Levin Floor Statement on H.R. 30, “Sabotage American Workers Act”

Jan 8, 2015 Issues: Health Care

WASHINGTON – Ways and Means Committee Ranking Member Sander Levin (D-MI) today delivered the following remarks on the House floor in opposition to H.R. 30, the “Sabotage American Workers Act:”

Republicans say that with this bill they are trying to help or “save” workers. But their legislation would make many, many times more workers part-time, losing millions of hours of work.

The Republicans constantly talk about the threat of increased budget deficits, but their bill would increase the deficit by over $50 billion.

The Republicans like to say they care about the taxes people pay, but this bill would substantially shift responsibility for paying for health insurance from employers to taxpayers.

These are indisputable facts, based on yesterday’s analysis from the non-partisan CBO and JCT.

Today, 7% of workers work between 30 and 34 hours, while close to half work 40 hours. So if you shift the basis of employer responsibility for health care to begin at 40 hours instead of 30 hours, the result will be a dramatic increase in the number of workers whose hours of employment will be reduced to less than 40 per week.
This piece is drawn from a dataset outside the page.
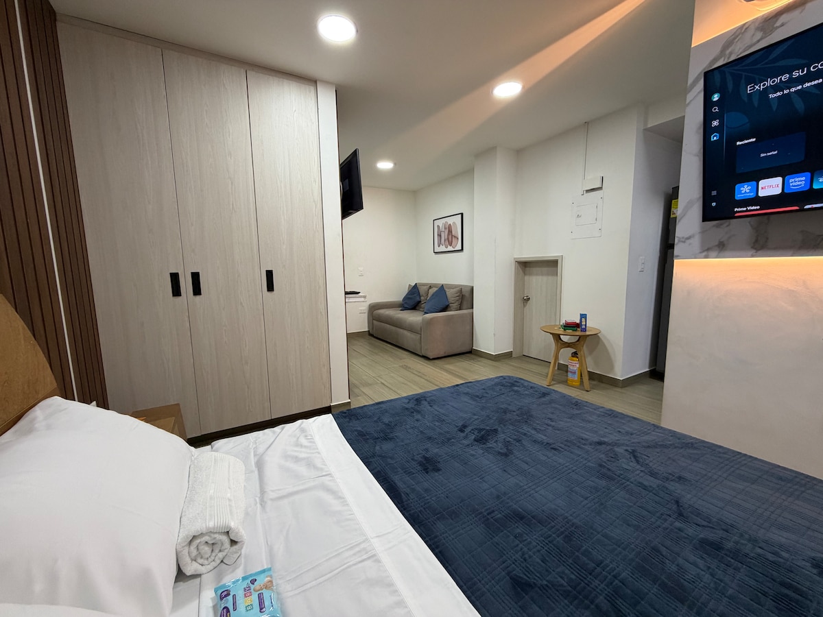 Suite completamente amoblada de 28 m2, con aire acondicionado y cocineta. Ubicada en una de las mejores zonas de Medellín, en un barrio muy tranquilo y cerca de todos los sitos de interés. La Suite cuenta con una vista espectacular a la ciudad y a las montañas. Podrás hacer uso de la zona de coworking, gimnasio y un espectacular café que ofrece diferentes tipos de bebidas a base del mejor café colombiano, podrás disfrutar de tu bebida en la terraza que se encuentran en el 2do piso del edificio.

You will be creating hundreds of thousands of “39ers.”

CBO and JCT conclude, therefore, that about one million workers will lose their employer-based health insurance, with half of them shifting to insurance coverage through the health exchanges or through Medicaid with taxpayer support, and the other half losing health insurance coverage completely.

So when you take off the label of this Republican bill and look at the contents in the package, this is a bad deal – highlighting the need for a truth in labeling requirement for Congressional bills.

And when you go beyond the benign Republican rhetoric, this is a bad deal for American workers and the middle class—and taxpayers.

That has led even a conservative like Yuval Levin to say that today’s bill “is worse than doing nothing.”

This bill is brought up today without any Committee consideration or discussion with Democrats. Unfortunately, contrary to the rhetoric we heard yesterday again from the majority about the need to look for common ground, on this issue the Republican approach is scorched earth.